Percentage distribution of the three different ripple subtypes in mesio-temporal and neocortical channels. The amount of SpikeR was higher in mesio-temporal structures compared to the amount of SpindleR, whereas the amount of SpikeR and SpindleR was more alike in the neocortex. Mesio-temporal lobe: A, amygdala; HC, hippocampus; PHC, parahippocampal; Neocortex: TNC, temporal neocortex; F, frontal neocortex; P, parietal neocortex; O, occipital neocortex.

Figure 5

Rates of four different ripple subtypes in mesio-temporal and neocortical channels.

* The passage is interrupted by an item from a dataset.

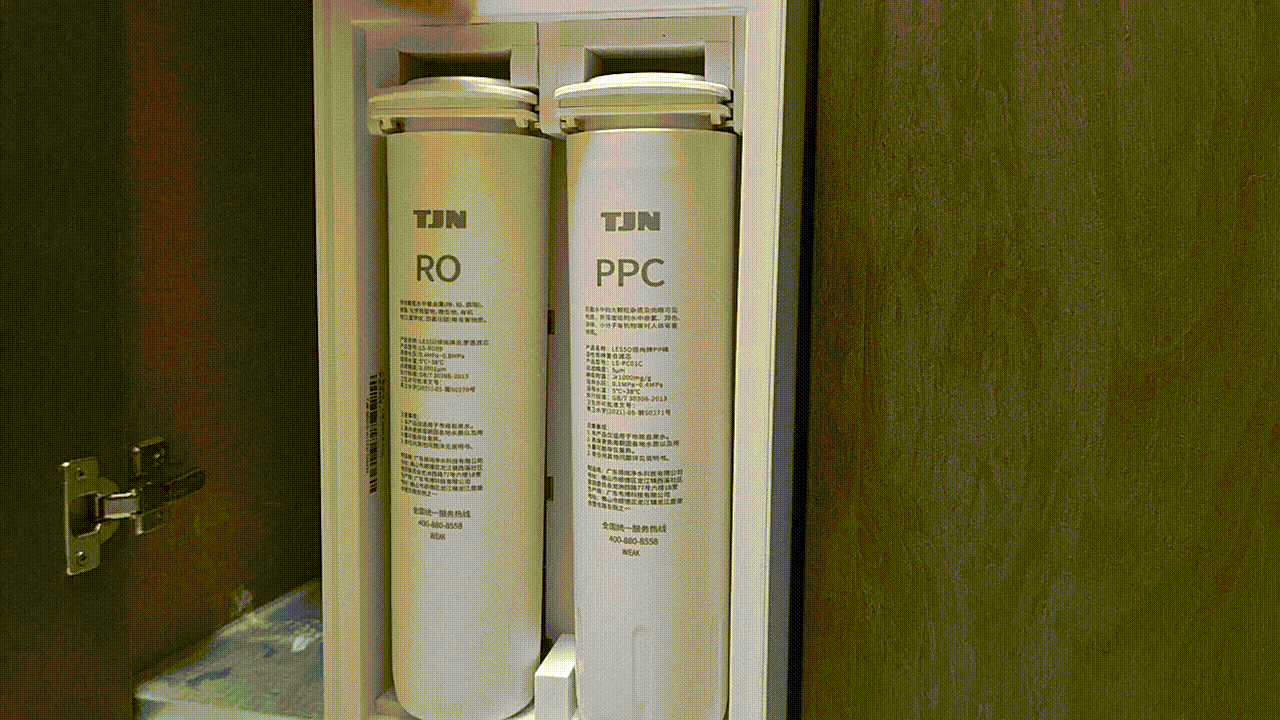特洁恩H10净热一体机使用了三个滤芯,可以做到四重过滤。

Mesio-temporal (MTL) channels showed significantly higher rates of all four ripple subtypes than neocortical (NC) channels. The share of likely pathological ripples [Spike-ripple (SpikeR) and ripples outside spindles (Non-SpindleR)] was significantly higher in the mesio-temporal contacts. SpindleR, Spindle-Ripples.

Figure 6

Rates of different ripple subtypes in SOZ and Non-SOZ channels. All Ripple subtype rates were significantly higher in SOZ (=seizure onset zone) channels than in Non-SOZ channels. (SpindleR, Spindle-ripples; SpikeR, spike-ripples; Non-SpindleR, ripples outside spindles).

Figure 7

SOZ channel ratio in good vs. bad post-surgical outcome. Patients with the majority of SOZ-channels successfully removed showed a significantly better outcome in comparison to patients with SOZ-channels still in place after resection. Significant difference to the correspondent boxplot (same colour).

Figure 8

Rate ratios of three ripple subgroups with good vs. bad outcome. The ratio of removed Spike-Ripples were significantly higher in patients with a good (Engel I) compared to patients with a bad postsurgical outcome (Engel II-IV). No significant differences in ratios for Ripples outside spindles and All Ripples between both patient groups were seen. Significant difference to the correspondent boxplot (same colour).

Figure 9

High-rate (HR) ratios of four ripple subgroups with good vs. bad outcome. Significant difference to the correspondent boxplot (same colour).